With several Tory leadership contenders sympathetic to its ideology, the Institute of Economic Affairs (IEA) is closer to power than it has been for decades. In an exclusive investigation, Jonathan Gornall reveals how the organisation is funded by British American Tobacco and has links with senior conservative ministers…

Author

Jonathan Gornall (email: jgornall@mac.com)

Citation

Gornall Jonathan. Big tobacco, the new politics, and the threat to public health BMJ 2019; 365 :l2164


Source
BMJ
Release date
15/05/2019

Big Tobacco, the New Politics, and the Threat to Public Health

Research investigation

Summary

With several Tory leadership contenders sympathetic to its ideology, the Institute of Economic Affairs (IEA) is closer to power than it has been for decades. In an exclusive investigation, Jonathan Gornall reveals how the organisation is funded by British American Tobacco and has links with senior conservative ministers. After orchestrating a series of attacks on public health initiatives, the IEA may now hold the key to No 10.
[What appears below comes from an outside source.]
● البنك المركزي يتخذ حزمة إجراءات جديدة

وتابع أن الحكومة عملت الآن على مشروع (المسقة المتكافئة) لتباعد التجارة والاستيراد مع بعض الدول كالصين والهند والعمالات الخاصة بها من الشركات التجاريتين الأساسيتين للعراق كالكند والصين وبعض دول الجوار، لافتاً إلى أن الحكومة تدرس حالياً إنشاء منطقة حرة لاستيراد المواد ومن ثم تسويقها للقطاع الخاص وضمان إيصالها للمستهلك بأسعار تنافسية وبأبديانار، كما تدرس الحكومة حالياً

What the IEA says matters. In an essay published on 31 March, titled “The next Tory leader must be a bullish libertarian,” the director general of IEA set out what amounted to a manifesto for the new party leader. This article wrote the next party leader must ensure that “the plethora of censorious and hectoring measures over what British adults choose to eat, drink and smoke must come to an end.”

The institute has a longstanding reputation for dismissing public health initiatives as “nanny state” interventions.  Its recent research publications have challenged the childhood obesity strategy, dismissed “sin taxes” as regressive, and ridiculed the link between fast food outlets and obesity. In the past year alone it has issued more than a dozen statements criticising everything from alcohol controls to sugar taxes as “pointless,” “absurd,” and “draconian.”

IEA political links

32 Conservative MPs are linked financially, directly or indirectly, to IEA. Among the MPs most closely and publicly associated ideologically with the IEA is Dominic Raab, MP for Esher and Walton in Surrey since 2010.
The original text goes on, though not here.